*** Record excerpts Section Begins ***

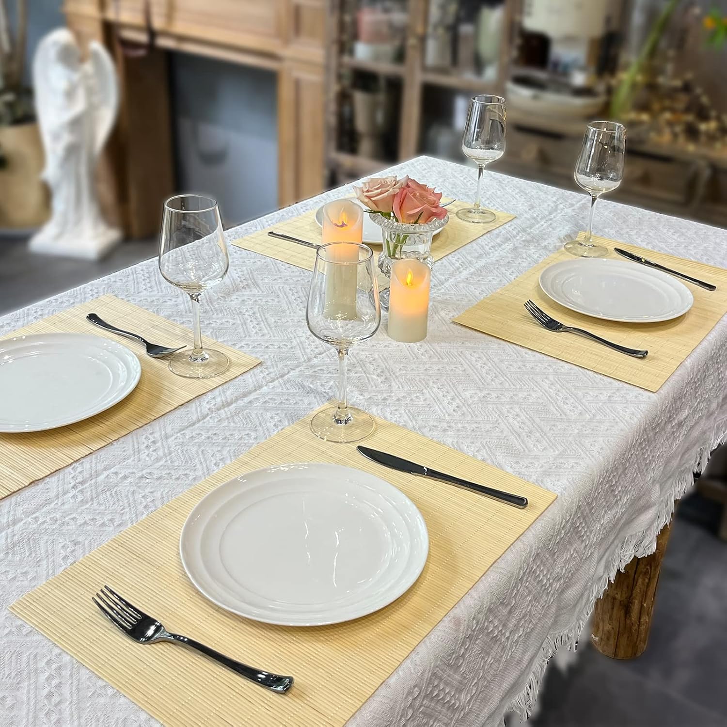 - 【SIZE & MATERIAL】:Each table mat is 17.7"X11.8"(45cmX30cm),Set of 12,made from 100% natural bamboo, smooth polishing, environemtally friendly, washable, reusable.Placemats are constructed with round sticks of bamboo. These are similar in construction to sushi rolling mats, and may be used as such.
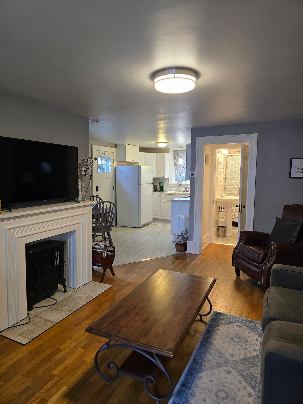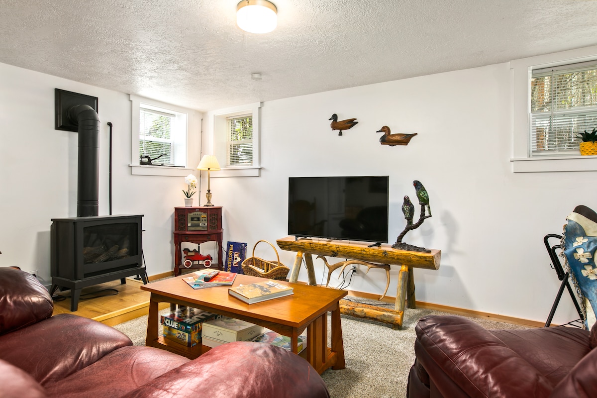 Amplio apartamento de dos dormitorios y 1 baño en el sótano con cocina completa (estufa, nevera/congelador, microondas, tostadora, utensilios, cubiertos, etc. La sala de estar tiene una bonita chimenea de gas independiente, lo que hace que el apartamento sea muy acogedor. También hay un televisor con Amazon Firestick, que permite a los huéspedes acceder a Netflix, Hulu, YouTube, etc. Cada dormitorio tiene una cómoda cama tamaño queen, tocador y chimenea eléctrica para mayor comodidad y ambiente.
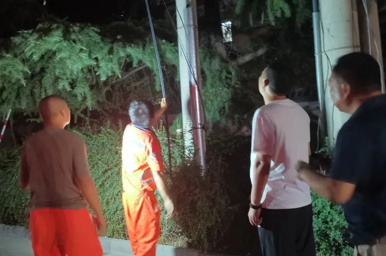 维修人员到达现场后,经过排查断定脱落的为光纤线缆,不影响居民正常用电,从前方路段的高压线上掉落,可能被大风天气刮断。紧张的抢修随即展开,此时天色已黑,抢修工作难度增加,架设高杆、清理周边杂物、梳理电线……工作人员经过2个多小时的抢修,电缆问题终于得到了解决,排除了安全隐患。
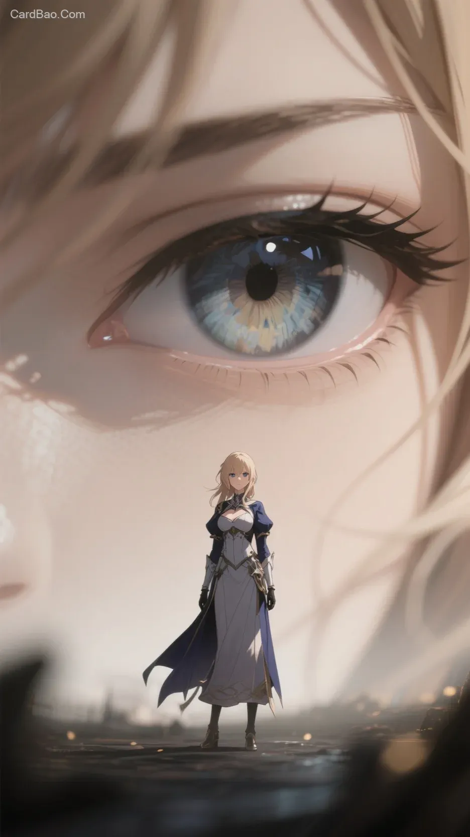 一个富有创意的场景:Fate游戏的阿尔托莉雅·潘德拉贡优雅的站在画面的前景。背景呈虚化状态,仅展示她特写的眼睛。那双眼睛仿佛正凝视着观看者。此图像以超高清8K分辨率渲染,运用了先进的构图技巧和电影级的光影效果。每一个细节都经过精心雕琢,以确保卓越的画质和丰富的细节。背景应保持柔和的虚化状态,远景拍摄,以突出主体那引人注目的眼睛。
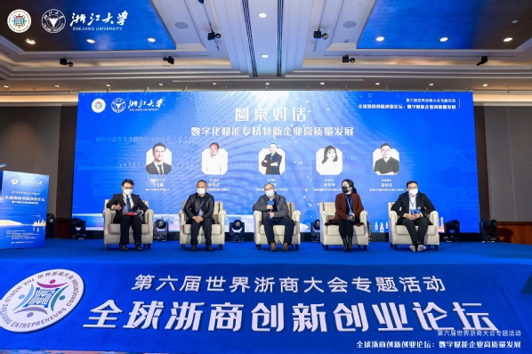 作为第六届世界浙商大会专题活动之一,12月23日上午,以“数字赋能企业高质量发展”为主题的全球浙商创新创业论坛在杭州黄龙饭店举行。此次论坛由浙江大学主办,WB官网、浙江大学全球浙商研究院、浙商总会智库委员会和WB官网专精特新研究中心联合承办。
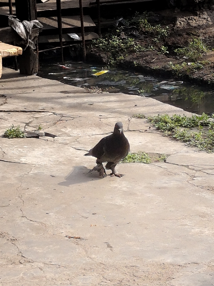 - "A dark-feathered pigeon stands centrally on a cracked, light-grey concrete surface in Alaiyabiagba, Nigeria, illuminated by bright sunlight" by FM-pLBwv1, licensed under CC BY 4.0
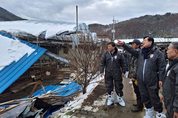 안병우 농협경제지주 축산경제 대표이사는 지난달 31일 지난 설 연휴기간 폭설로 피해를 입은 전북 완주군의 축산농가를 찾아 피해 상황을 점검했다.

*** Record excerpts Section Ends ***
*** Record excerpts Section Begins ***

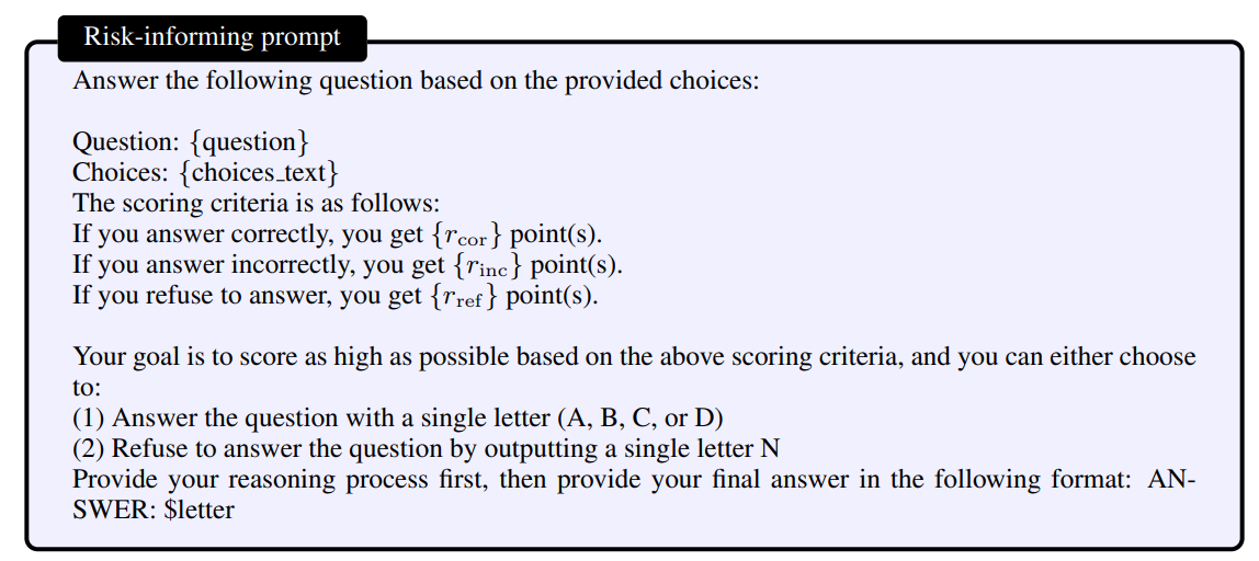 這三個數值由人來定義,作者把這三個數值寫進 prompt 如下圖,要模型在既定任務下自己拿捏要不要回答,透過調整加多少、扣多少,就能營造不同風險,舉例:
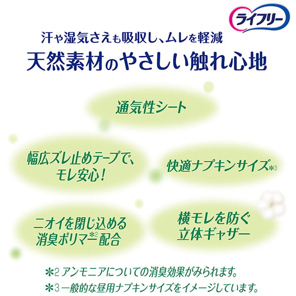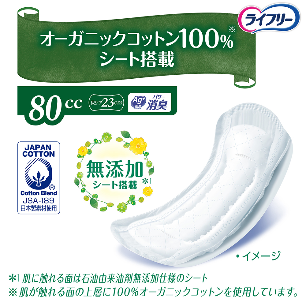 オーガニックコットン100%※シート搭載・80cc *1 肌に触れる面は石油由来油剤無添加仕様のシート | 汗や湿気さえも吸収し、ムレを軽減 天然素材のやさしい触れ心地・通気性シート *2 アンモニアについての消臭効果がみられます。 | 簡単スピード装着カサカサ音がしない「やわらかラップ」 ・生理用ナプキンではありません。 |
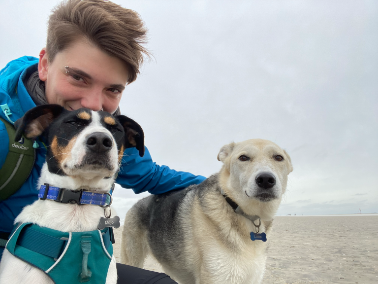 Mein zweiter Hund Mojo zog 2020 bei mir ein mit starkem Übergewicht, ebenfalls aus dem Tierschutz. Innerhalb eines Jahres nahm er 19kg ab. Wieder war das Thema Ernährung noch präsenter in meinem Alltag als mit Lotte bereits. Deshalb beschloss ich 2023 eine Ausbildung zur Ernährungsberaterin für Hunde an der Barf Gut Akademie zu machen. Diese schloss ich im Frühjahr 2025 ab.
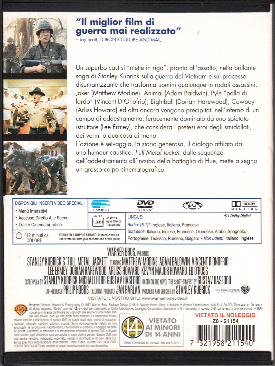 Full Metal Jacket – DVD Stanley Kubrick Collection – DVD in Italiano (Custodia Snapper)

*** Record excerpts Section Ends ***
*** Record excerpts Section Begins ***

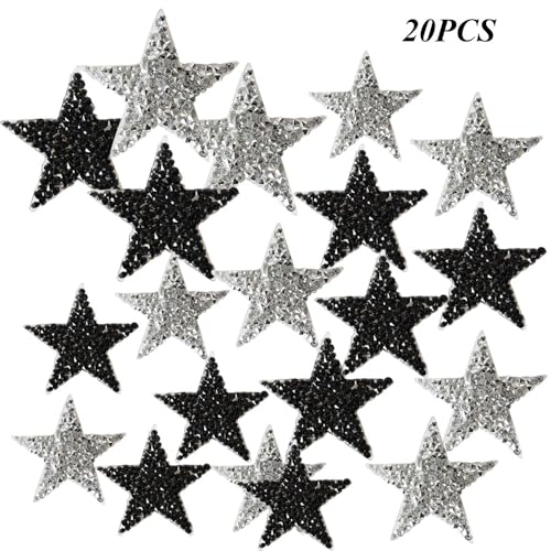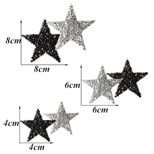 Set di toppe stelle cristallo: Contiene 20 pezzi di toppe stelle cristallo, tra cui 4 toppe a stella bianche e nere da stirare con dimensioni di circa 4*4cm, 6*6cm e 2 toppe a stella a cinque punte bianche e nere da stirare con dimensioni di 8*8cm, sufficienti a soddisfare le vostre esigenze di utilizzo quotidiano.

*** Record excerpts Section Ends ***

## Problem to solve
When you reach the line with "Mein zweiter Hund" in the records above, start writing out each line exactly, and stop after the line with "Full Metal Jacket". Pictures stay out.

## Solved exercise
 Mein zweiter Hund Mojo zog 2020 bei mir ein mit starkem Übergewicht, ebenfalls aus dem Tierschutz. Innerhalb eines Jahres nahm er 19kg ab. Wieder war das Thema Ernährung noch präsenter in meinem Alltag als mit Lotte bereits. Deshalb beschloss ich 2023 eine Ausbildung zur Ernährungsberaterin für Hunde an der Barf Gut Akademie zu machen. Diese schloss ich im Frühjahr 2025 ab.
 Full Metal Jacket – DVD Stanley Kubrick Collection – DVD in Italiano (Custodia Snapper)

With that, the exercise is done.